Положение Марины было безвыходное. Даже Заруцкий хотел ее оставить, хотя Калуга все еще оставалась верна своей царице.
Наконец, Марина родила. Новорожденного назвали Иваном, и Калуга тотчас же присягнула этому новому царевичу, не предвидя, что его ожидает виселица, когда ребенку исполнится четыре года.
Но скоро и Калуга отложилась от новорожденного царевича и Марины, присягнув Владиславу.
В этом отчаянном положении Марина снова вспомнила о Сапеге и писала ему: «Ради Бога, спасите меня! Мне две недели не доведется жить на свете. Вы сильны – спасите меня, спасите, спасите! Бог вам заплатить за это».
Напрасно просила – Сапега не помог ей. Все от нее отшатнулись – остался ей верен один только Заруцкий: вместе они и погибли потом.
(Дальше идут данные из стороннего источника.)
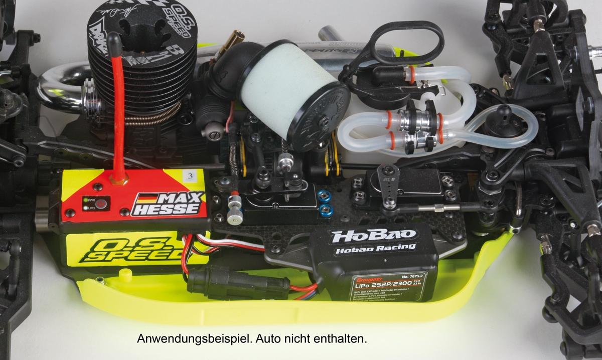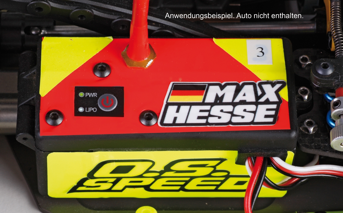 Vypínač je uzavřen v plastovém pouzdru, dodávaném s 2 výměnnými zadními víčky – jedno má 3 montážní patky pro upevnění na držák transponderu („čipu“ pro počítání kol); druhé víčko bez patek použijete pro upevnění do modelu pomocí oboustranné lepící pásky. Napájecí zásuvka je univerzální, umožňující připojení akumulátorů se servokonektory Futaba (s výstupkem na boku) i Hitec/JR (bez výstupku). Výstupní servokonektor je Hitec/JR.

Но пока еще имя Заруцкого было страшно. Таким же страшным стало в это время имя Ляпунова, который, соединившись с Заруцким, Просовецким и князем Димитрием Тимофеевичем Трубецким, решился было провозгласить царем сына Марины, маленького Ивана. Но наступил 1612-й год, когда Русская земля, как сказочный Илья Муромец, выпивши, вместо ковша браги, целое море слез и крови, почуяла свой силушку и поднялась на ноги, как поднялся Илья-богатырь после ковша браги, поднесенного ему каликами-перехожими, то есть самозванцами, поляками и всем, что тогда шаталось по Русской земле.
Пятый год уже как Марина в России. Но вот, наконец, и в Польше вспоминают ее, всеми забытую панну из Самбора, московскую царицу. И вспоминает кто же? – все тот же отец, честолюбие которого и погубило дочь.
Вот по какому поводу вспомнили Марину в Польше. Гетман Жолкевский, подобно римскому герой Павлу Эмилию, вводил в Краков пленного, сверженного московского царя Василия Шуйского: маленький, седой старичок с больными глазами въезжал в Краков в открытой коляске, запряженной шестью лошадьми. Пленный царь был в меховой шапке и белой парчевой ферязи. С ним сидели оба его брата. Их ввели к королю. Перед лицом короля московский царь низко поклонился, дотронулся до земли рукой и поцеловал эту руку. Братья царя били челом в самую землю и плакали. Их допустили к королевской руке. «Было это зрелище великое, удивление и жалость возбуждающее», говорили поляки– современники. Но в толпе панов раздались голоса, что тут не место для жалости, а нужна месть за погибших братьев, за польскую кровь, пролитую в московской земле. Отец вспомнил о заглубленной им дочери: раздался голос старого Мнишка – он требовал мести за Марину.
Но голос его пропал даром – Марину забыла Польша.